FM: Welche Nationen sind von ihrem Nachwuchs-Potenzial her besonders interessant?
TO: Ich bin ein großer Bewunderer der belgischen Theaterlandschaft, weil dort in einem Mischbereich aus bildender Kunst, Musik, Tanz und Schauspiel sehr ungewöhnliche Kreationen entstehen. Der Beneluxbereich ist für mich nach wie vor die innovativste Theaterzone Europas.
FM: Was macht das Theater dort so innovativ?
TO: In Holland oder Belgien werden viel stärker die Produzenten gefördert als die Institutionen. Bei uns bekommt das Geld das Haus und das Haus engagiert die Künstler. In diesen Ländern stehen die Häuser als Immobilien leer und werden bespielt von subventionierten Gruppen, die auf Tournee gehen. Das führt zu völlig unterschiedlichen Strukturen, auch seitens des Publikums und hat natürlich auch seine Nachteile. Bei einem Stadttheater in den deutschsprachigen Ländern entstehen über die Jahre sympathische Bindungen zwischen Zuschauern und «ihren» Schauspielern.
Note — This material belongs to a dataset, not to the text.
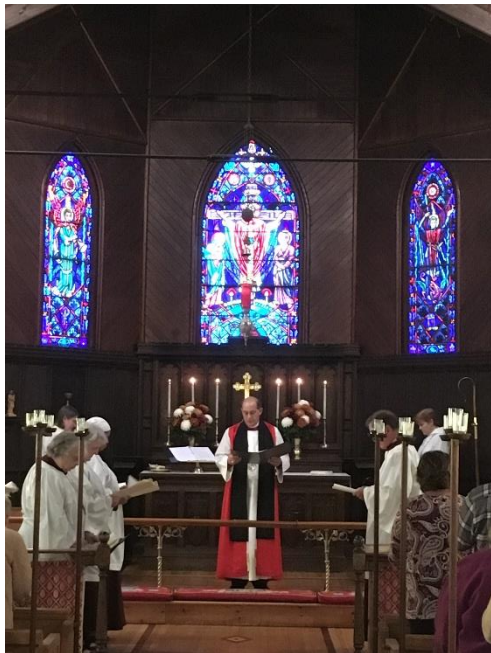
The Bishop wore vestments similar to those worn when the church was built.

In Holland oder Belgien müssen die Gruppen an verschiedensten Orten ihr unterschiedliches Publikum immer wieder neu erobern. Und das mit Aufführungen, die in der Regel in weit höherem Maße originale Werke aufführen, also in einem gewissen Sinne Uraufführungen, Projekte, jedenfalls ohne die ein klassisches Repertoire, wie es die Nationalkulturen in Deutschland, Österreich, Spanien oder England hervorgebracht haben. Die Literaturgeschichte hat in diesen Ländern keinen vergleichbaren Kanon klassischer Werke hervorgebracht, und daher ist dort das Theater viel stärker auf Zeitgenossenschaft ausgerichtet und erfindet Stücke, entwickelt grenzgängerische Projekte und bildet ganz nebenher auch tatsächliche Ensembles, wie wir sie kaum noch besitzen. Die Kompanien alle zwei Jahre um neue Förderungen bewerben. Auch das erzeugt und erzwingt geradezu diese Innovationen, auch wenn es keine sonderlich angenehme Situation ist, derart unabgesichert zu arbeiten.
FM: Damit entsteht das Junge, Frische eigentlich aus einer sehr archaischen Situation heraus - nämlich aus der tingelnden Schauspieltruppe?
TO: Tingeltangel gibt es überall. In unserem, also dem deutschsprachigen Theatersystem sind die Spitzenleistungen immer wieder an die Herausbildung von «Truppen» oder Künstlerfamilien um bestimmte Theaterpersönlichkeiten gebunden. Allerdings finden sie eben hierzulande relativ schnell ihr eigenes Haus und eine stabile Infrastruktur. Die Situation ist für die Künstler in den Niederlanden oder Belgien entbehrungsreicher, weil die Gruppen z.B. kein Repertoire aus ihren eigenen Produktionen bilden können. Sie sind auf zyklische Innovationen angewiesen. Wenn die Stücke abgespielt sind, verschwinden sie wieder. Selbst größere Produktionen, die sensationelle Erfolge sind, können von so einer Truppe kaum über einen längeren Zeitraum am Leben gehalten werden. Die Kompanie bekommt nur dann wieder öffentliche Zuwendungen, wenn sie etwas Neues produziert. Daher empfinde ich dieses System, trotz des kreativen Outputs, nicht durchwegs als das bessere Modell.